Once the pictures are set aside, repeat all of the data below exactly.

DATA EXTRACT:
·····

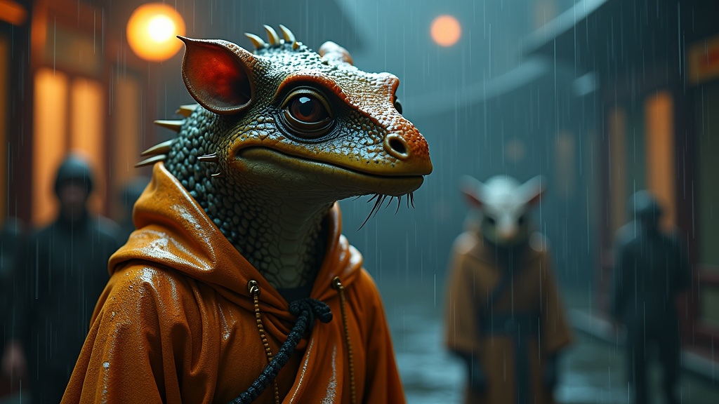 View this AI-generated image featuring exquisitely detailed anthropomorphic targarian adorned in shimmering robes captured with remarkable realism and intricate details set amidst a rain soaked ambiance the scene boasts breathtaking composition and evokes deep emotions under epic cinematic lighting
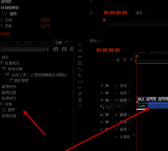 接着我们把“裁剪”特效拉到视频上面(用鼠标拖过去)。
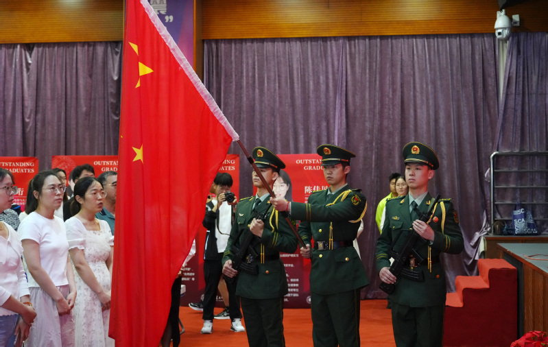 當(dāng)激昂的旋律在耳畔響起,當(dāng)深情的歌詞從心底涌出,全體師生沉浸在對祖國深深的熱愛與無盡的自豪之中。最后那句“我的母親,我的祖國”,更是將這份愛國之情推向了高潮,也拉開我校2025屆學(xué)生畢業(yè)典禮的序幕。
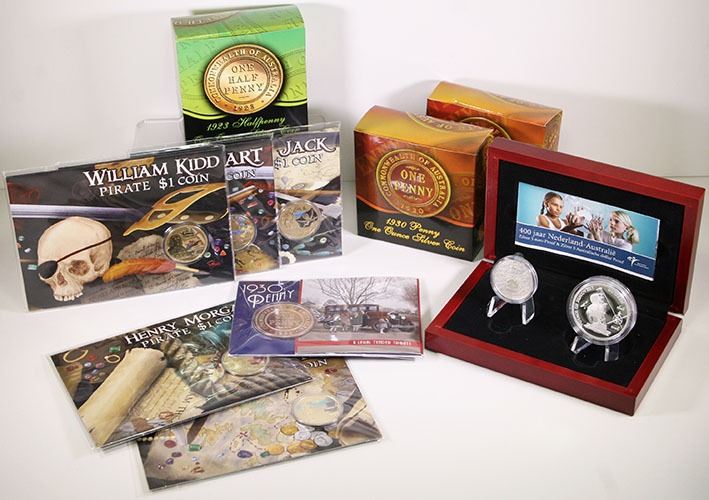 Tuvalu, One Dollar Silver Proof Coin, 1930 Penny 75th Anniversary, 2005 (2); 1923 Half Penny, 2006; Uncirculated One Dollar, Young Collectors Pirate Series, 2010-11 (5); Duyfken, Silver Proof Five Dollars, 400 Years the Netherlands-Australia, 2006; Niue, Uncirculated One Dollar Coin, 1930 Penny tribute, 2015

·····

RESULT:
 View this AI-generated image featuring exquisitely detailed anthropomorphic targarian adorned in shimmering robes captured with remarkable realism and intricate details set amidst a rain soaked ambiance the scene boasts breathtaking composition and evokes deep emotions under epic cinematic lighting
 接着我们把“裁剪”特效拉到视频上面(用鼠标拖过去)。
 當(dāng)激昂的旋律在耳畔響起,當(dāng)深情的歌詞從心底涌出,全體師生沉浸在對祖國深深的熱愛與無盡的自豪之中。最后那句“我的母親,我的祖國”,更是將這份愛國之情推向了高潮,也拉開我校2025屆學(xué)生畢業(yè)典禮的序幕。
 Tuvalu, One Dollar Silver Proof Coin, 1930 Penny 75th Anniversary, 2005 (2); 1923 Half Penny, 2006; Uncirculated One Dollar, Young Collectors Pirate Series, 2010-11 (5); Duyfken, Silver Proof Five Dollars, 400 Years the Netherlands-Australia, 2006; Niue, Uncirculated One Dollar Coin, 1930 Penny tribute, 2015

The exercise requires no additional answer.